NERSC is the user's heaven compared to RCF at BNL

NERSC is the best computing facility I have ever used as compared to hardware reliable, software availability, consulting helps, .... Anyway, I choose to run on seaborg and wait for other computing facility to be mature.

In terms of availability, usability and overall quality, NERSC is unbeatable. I'm using SDSC (very little these days, NERSC is so much better that even SDSCs faster hardware cannot keep up with it) and HLRN (Hoechstleistungsrechenzentrum Nord in Hannover and Berlin), the HLRN has much more configuration, availability and usability issues than NERSC (that's a Pwr4 with Fed. switch). Overall, NERSC is the best computer center I've ever used.

NCAR/NCSA
NERSC is MUCH easier to apply for time to. Also, we can run for a much longer time, NCAR has a 6 hour limit.

I would rank NERSC among the best of all the major compute centers.

NERSC is much better than a computer center at NASA/GSFC. The latter is less powerful and is down very often.

Much better than BNL RCF, which I have stopped using.

Outstanding. My baseline for comparison is Rechenzentrum Garching, Germany, and San Diego Supercomputer Center.

I use sometimes Oakridge computers Cheetah and Eagle. They are also great but the machines are much smaller than seaborg. So for big jobs, NERSC is the place to go!

Compares very well

I've done a lot of computing at NCAR on their IBM SP systems. I feel the NERSC staff has been more responsive to requests for help. Good job.

NERSC is far superior. I worked on computers at ORNL, ARSC, and Earth Simulator Center in the past few years.

Our group has used NERSC supercomputers for about 10 years. Prior to that, we used supercomputers at NCSA (Urbana, Illinois) funded by NSF. In our experience, NERSC is better than NCSA!

Oh, nersc is by far the best.
Compared to sdx (local UK machine), jlab cluster, PSC.

Superb service! Other centers (SDSC, PSC, big LANL and LLNL machines) do not come even close to NERSC's level.

I have used the supercomputing facilities at ORNL and LANL.
NERSC rates highly compared to these; I would however like to see more interactive access if possible.

I also compute at the HLRN (HoechstLeistungsRechenzentrumNord). I don't want to flatter NERSC, however HLRN is no match against NERSC. The downtime of SEBORG for instance is 1day (scheduled) against what the HLRN had a downtime of about 2months in 2004. So the HLRN does nothing you should start doing.

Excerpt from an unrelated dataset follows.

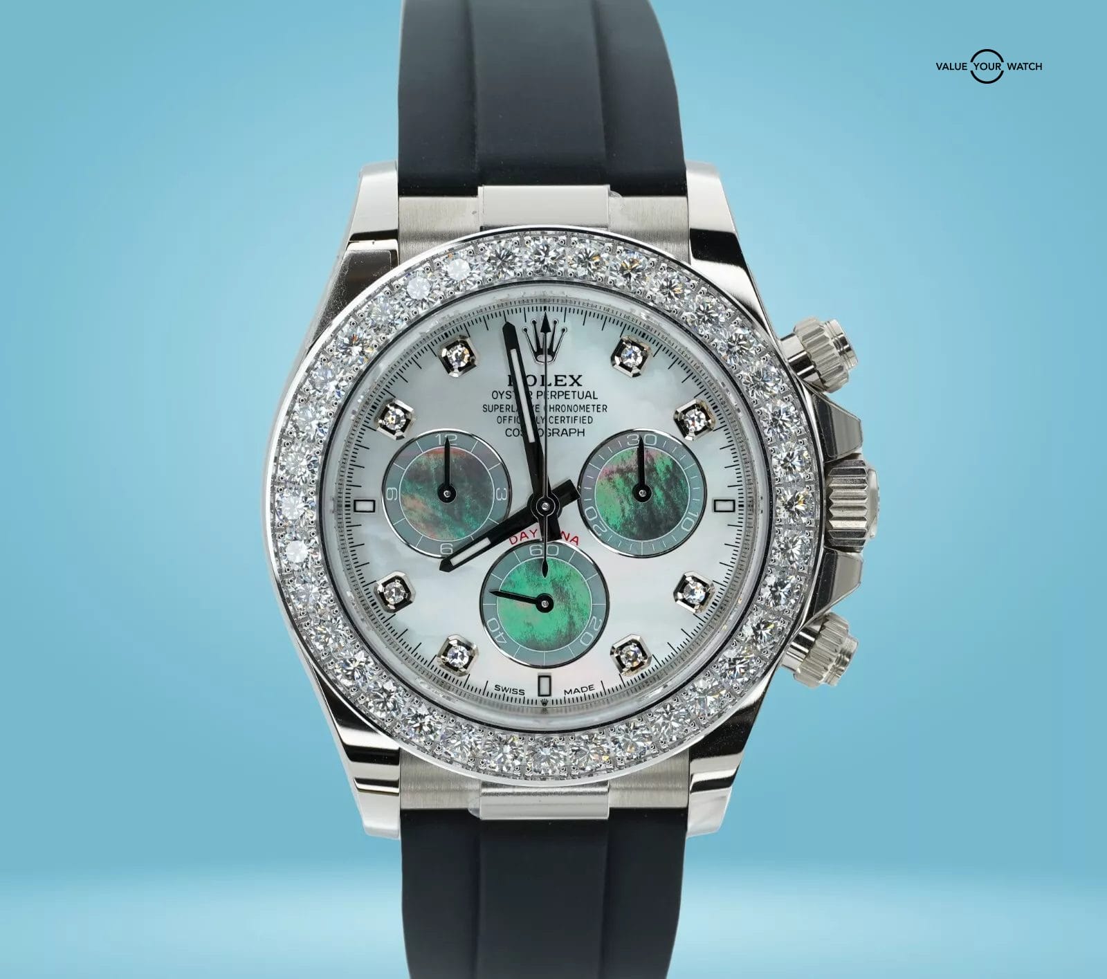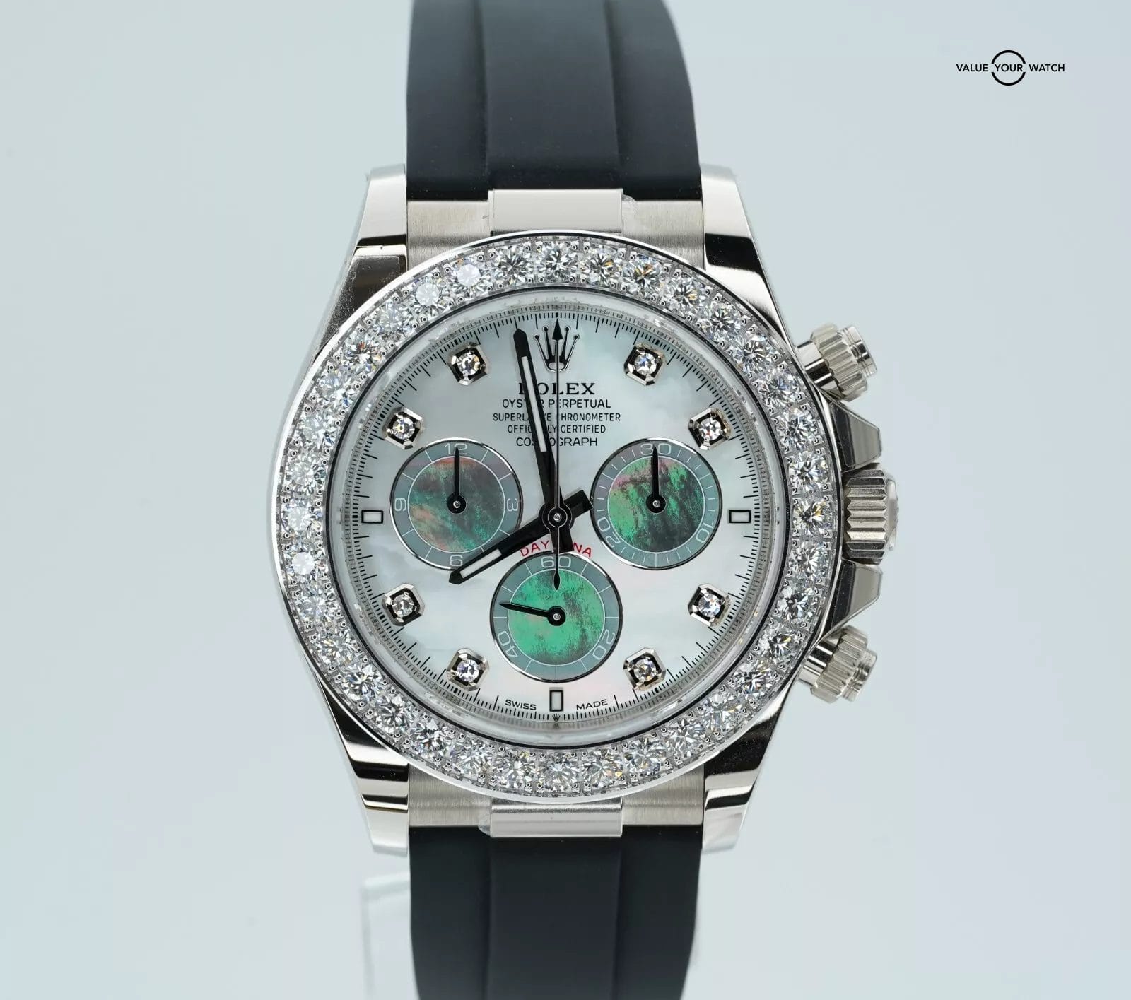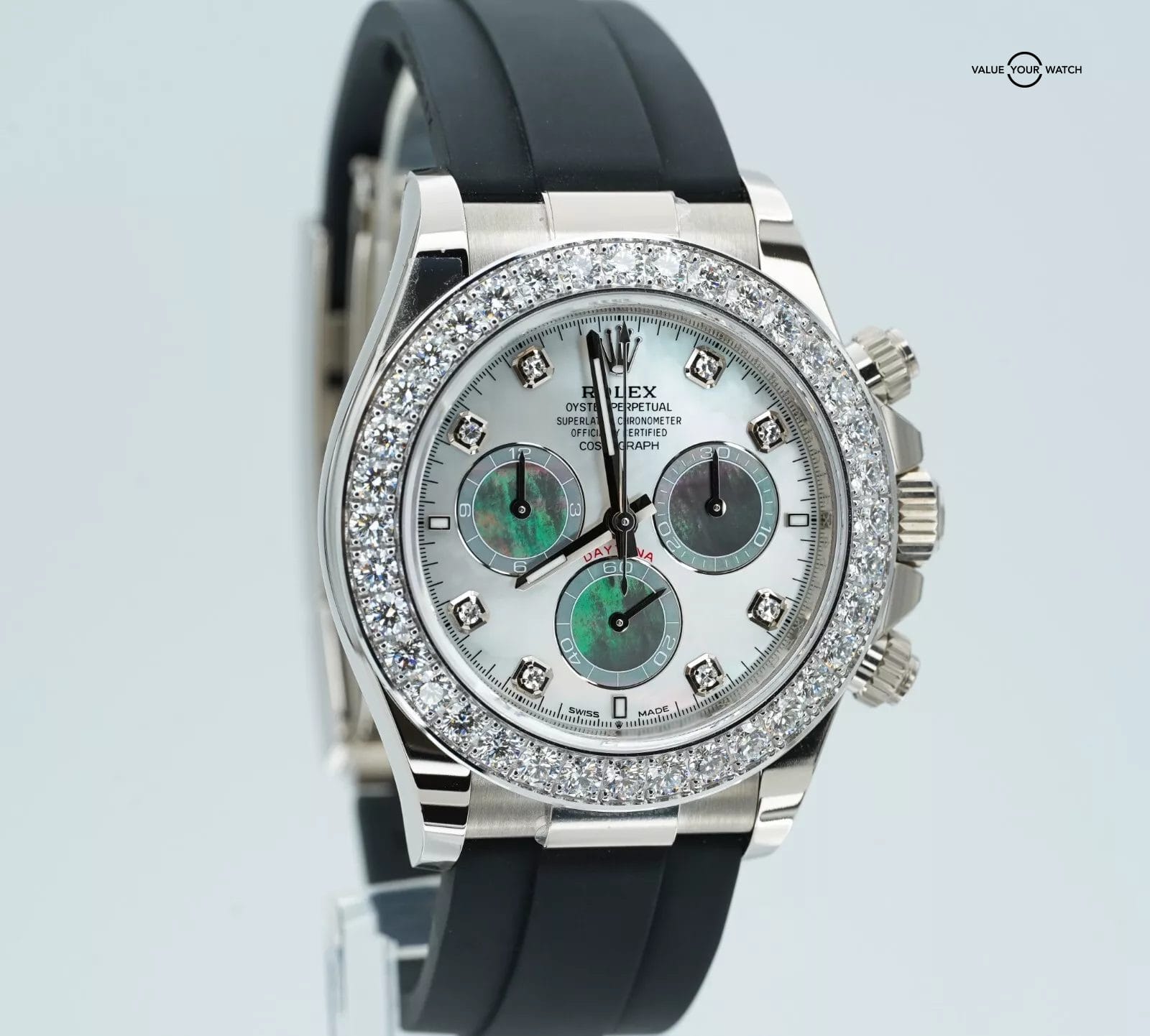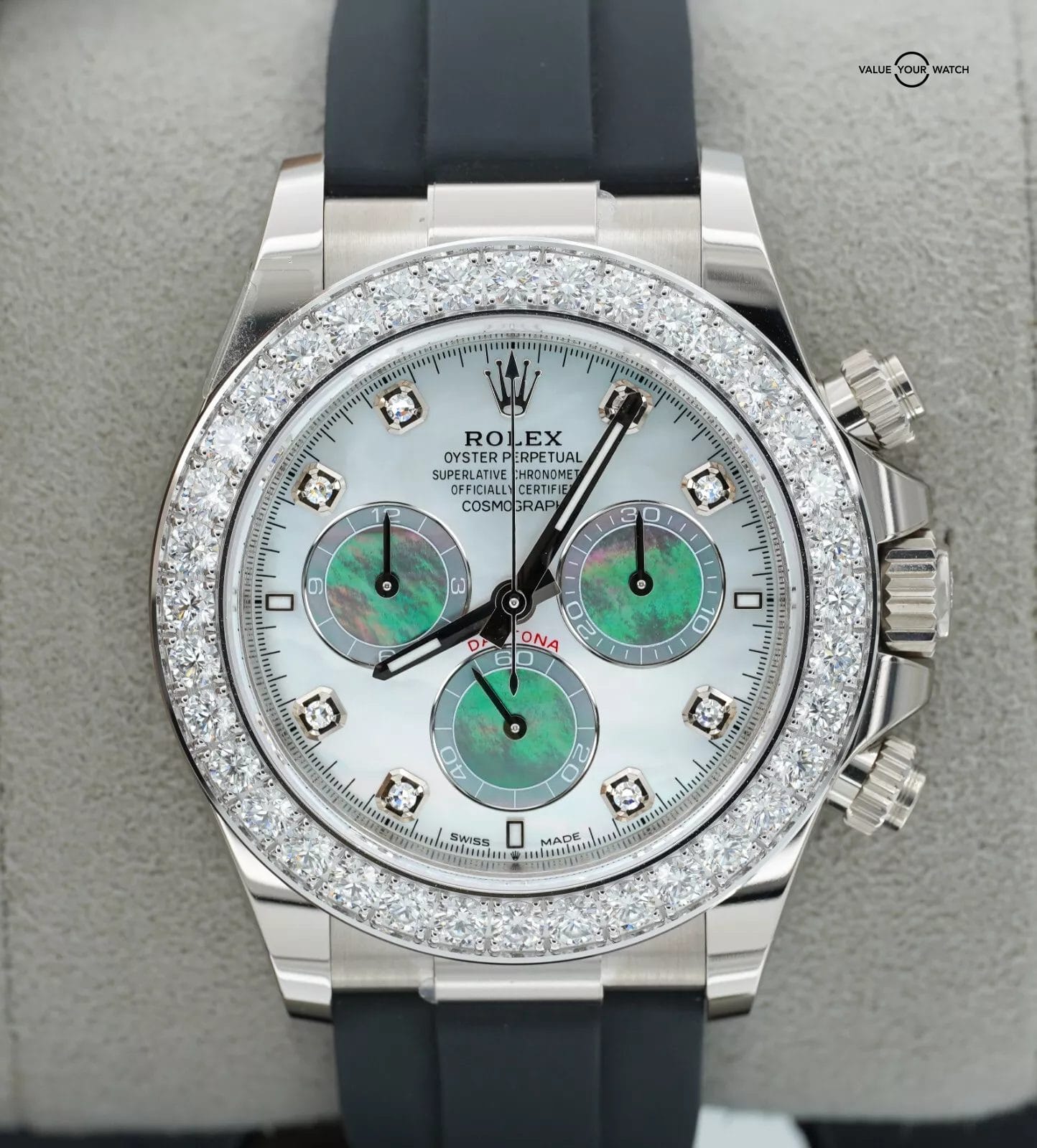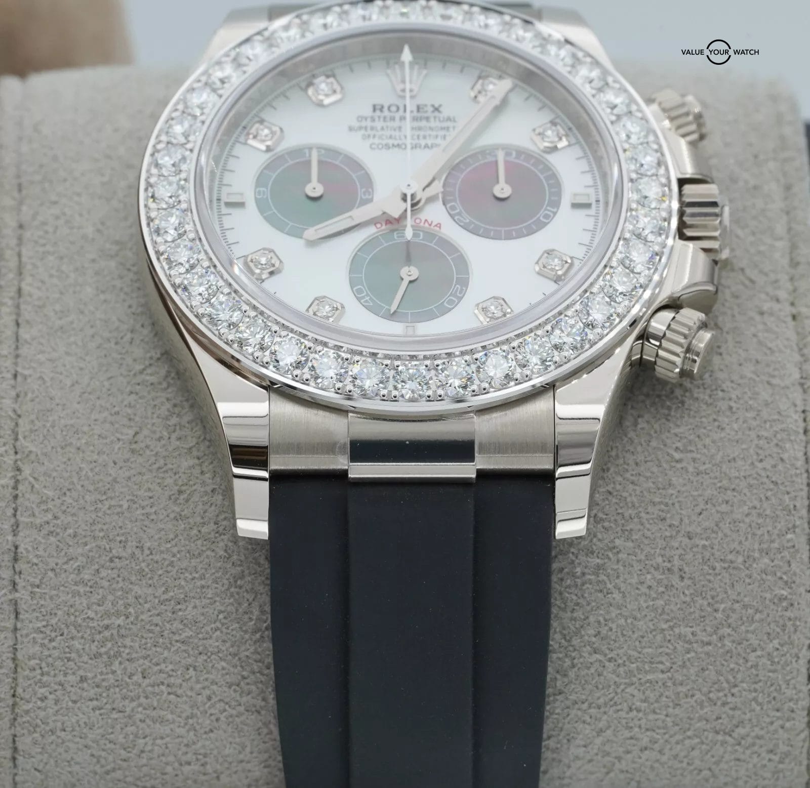 Specification: Rolex Daytona 126589RBR 18K White Gold Mother of Pearl Dial Diamond Bezel B/P!

Probably better than RCF (fewer problems).

Better, more smoothly run that BNL/RCF.
Much more accessible than PNNL EMSL.

Compared to BNL the PDSF system is more user friendly and more reliable.

Very well. The support at PDSF is superlative. I am comparing to CERN (a few years back) and MIT Physics and Stanford

I have also attempted to use a cluster at LSU, but found it unusable due to extremely poor administration, software, batch queuing, etc. PDSF is like heaven in comparison. I have to admit that I have not used the LSU cluster in the last 6 months, however.

I think that NERSC stands head and shoulders above some other centers I have used. I have used most extensively the RHIC Computing Facility besides NERSC. RCF has improved quite a bit in recent years, but I still think that the NERSC personnel is far superior. Our technical problems on both HPSS and PDSF were always addressed rapidly and it was made clear what and why there were certain technical limits.

I've also used the Citris IA-64 and Millennium x86 clusters at UCB. NERSC administers its computing services much more professionally and with much greater attention to the needs of its users. As a result, it is much easier to get maximal effectiveness out of NERSC equipment, even though some of that equipment is a couple years behind the technological edge.

I also compute at NCAR and ORNL. Given the very different support requirements and operating constraints of these different sites, NERSC is very competitive and is an essential part of our research effort.

NERSC is probably the most user friendly site I use. As I said, the people are knowledgeable, friendly, helpful and proactive. The hardware is reliable and productive. I appreciate Jim Craw's and the consultants proactive and voluntary keeping us informed about situations.
ORNL, NCAR

NERSC is much better managed than NSF centers at UCSD and PSC.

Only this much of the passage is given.